Say how many lines in the records include the string "floraux", adding no other words.

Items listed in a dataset

□ □ □ □ □ □ □

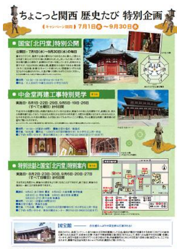
（パンフレット中面抜粋）
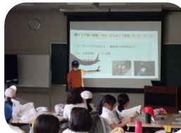
◆天満川の生き物調べと水質判定
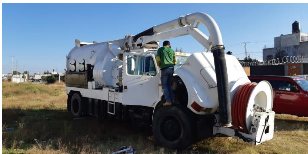
EQUIPO VACTOR INTERNATIONAL DE 10 YD3.
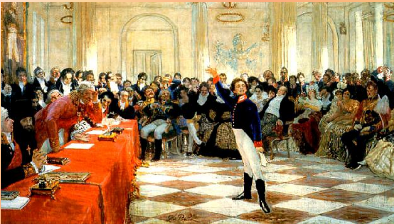
«Александр Сергеевич Пушкин читает свою поэму перед Гавриилом Державиным на лицейском экзамене в Царском Селе 8 января
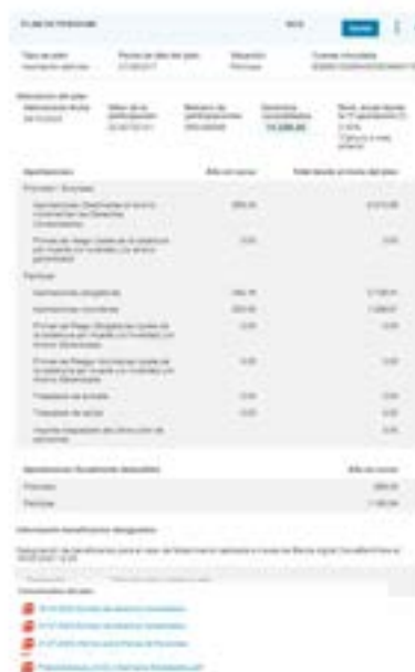
© VidaCaixa 2024. Reservados todos los derechos. No se permite la explotación económica ni la transformación de esta obra. Queda permitida la impresión en su totalidad.
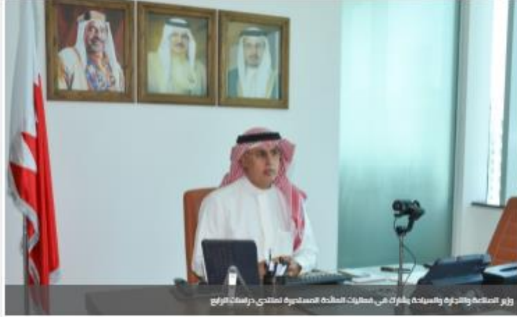
وزير الصناعة والتجارة والسياحة يشارك في فعاليات المائدة المستديرة لمنتدى دراسات الرابع

21 يونيو 2021 • وقت النشر: 12:27 PM • كل تحديث: 12:27 PM • عدد المشاهدات: 376
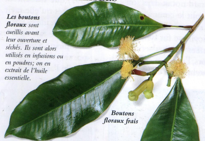
Boutons floraux frais

Les boutons floraux sont cueillis avant leur ouverture et séchés. Ils sont alors utilisés en infusions ou en poudres; on en extrait de l'huile essentielle.
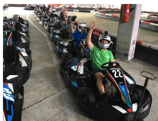
Le karting à Vuiteboeuf : A REFAIRE AU PLUS VITE !

□ □ □ □ □ □ □

## Answer below:
2